Ansel terkejut, tentu saja. Ditatapnya sang tuan dengan pandangan tidak percaya, kemudian kembali menunduk dan berpikir apa yang harus dia lakukan selanjutnya.
Justin yang tampak menunggu kemudian mengangkat alis. "Bagaimana?" desaknya.
Ansel memilih diam saja dan terlihat semakin menunduk, tanpa diduga dia lalu berlutut di hadapan Justin. "Tawaran seperti itu sungguh sebuah kehormatan untuk saya, yang sebenarnya tidak pantas mendapatkannya. Jika boleh memilih, saya lebih baik dipenjara untuk menebus kesalahan saya," ucapnya.
Justin terkesan tentu saja. Kesetiaan pemuda itu pada keluarga, patut ia hargai setinggi-tingginya. "Bangunlah."

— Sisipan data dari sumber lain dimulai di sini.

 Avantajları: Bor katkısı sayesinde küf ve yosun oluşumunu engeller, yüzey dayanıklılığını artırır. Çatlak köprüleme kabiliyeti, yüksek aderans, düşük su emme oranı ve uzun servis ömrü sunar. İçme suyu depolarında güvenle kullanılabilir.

Ansel masih diam, rasanya begitu lancang saat dia berani menolak penawaran Justin yang tentu saja tidak sembarangan, sungguh dia tidak pantas melakukannya.
"Bangunlah," ulang Justin, dengan menepuk bahu pemuda yang berlutut di hadapannya.

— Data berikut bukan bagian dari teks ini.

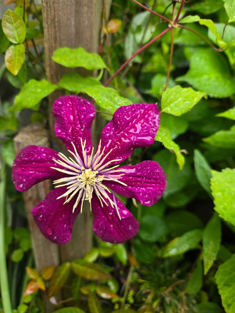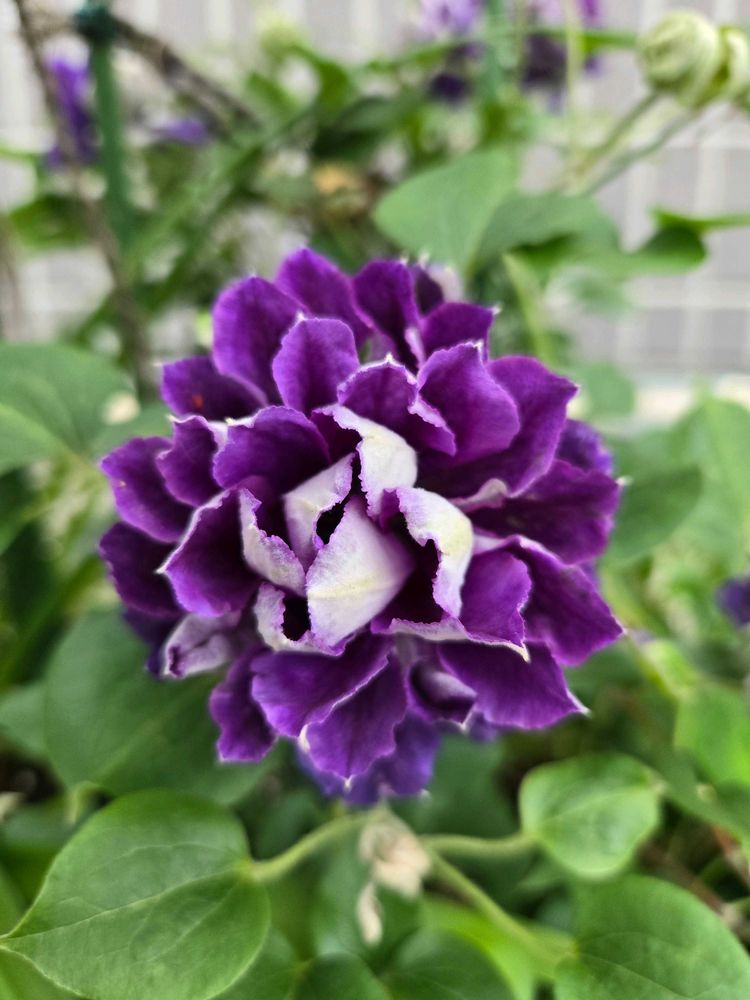 ②八重咲きクレマチス新紫玉さんは6月初旬に開花💜💚💜

Perlahan Ansel beranjak berdiri, mundur beberapa langkah untuk kembali ke tempatnya semula. "Sungguh saya minta maaf, Tuan," sesalnya.
Justin tampak mengangguk, pria itu sedikit tertawa. "Justru saya merasa aneh jika kamu tidak menolaknya," ucap pria itu.

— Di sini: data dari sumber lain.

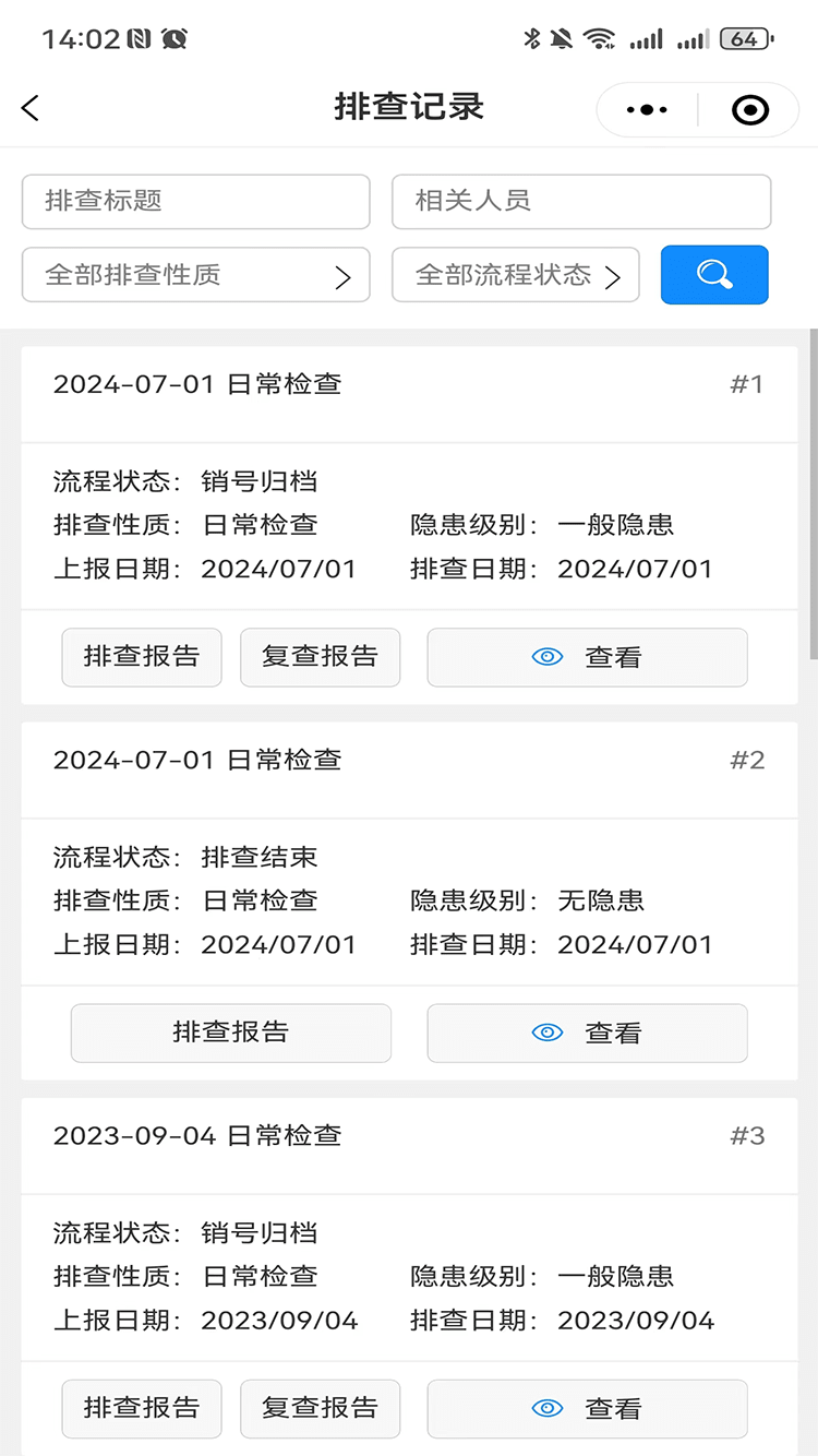 企業(yè)安全管理人員可依托檢查表庫、隱患數(shù)據(jù)庫或者自主新增,完成隱患的排查、上報(bào)、整改、復(fù)查、歸檔等一系列流程運(yùn)轉(zhuǎn),實(shí)現(xiàn)隱患閉環(huán)管理;根據(jù)隱患排查治理信息,自動生成安全檢查報(bào)告,支持線上打印及一鍵導(dǎo)出。

Ansel terdiam, membiarkan saja pria paruh baya itu meneruskan kalimatnya.
"Kamu tidak harus menjawabnya sekarang, pikirkan saja dulu," ucap Justin seraya beranjak berdiri, setelah merapikan berkas-berkas di atas meja, dia lalu melangkah menghampiri Ansel yang masih menunduk di tempatnya. "Saya mengajak kamu bergabung ke perusahaan saya, bukan untuk membalas keluargamu. Saya hanya ingin mereka tahu tentang potensimu."
"Terimakasih, Tuan."
Justin tersenyum, lalu menepuk pundak pria di hadapannya sekilas. "Menetaplah dimana kau bisa dihargai. Ansel Bagaskar, Dwitama perlu nama itu untuk menjadi salahsatu pemimpin di perusahaannya. Percayalah."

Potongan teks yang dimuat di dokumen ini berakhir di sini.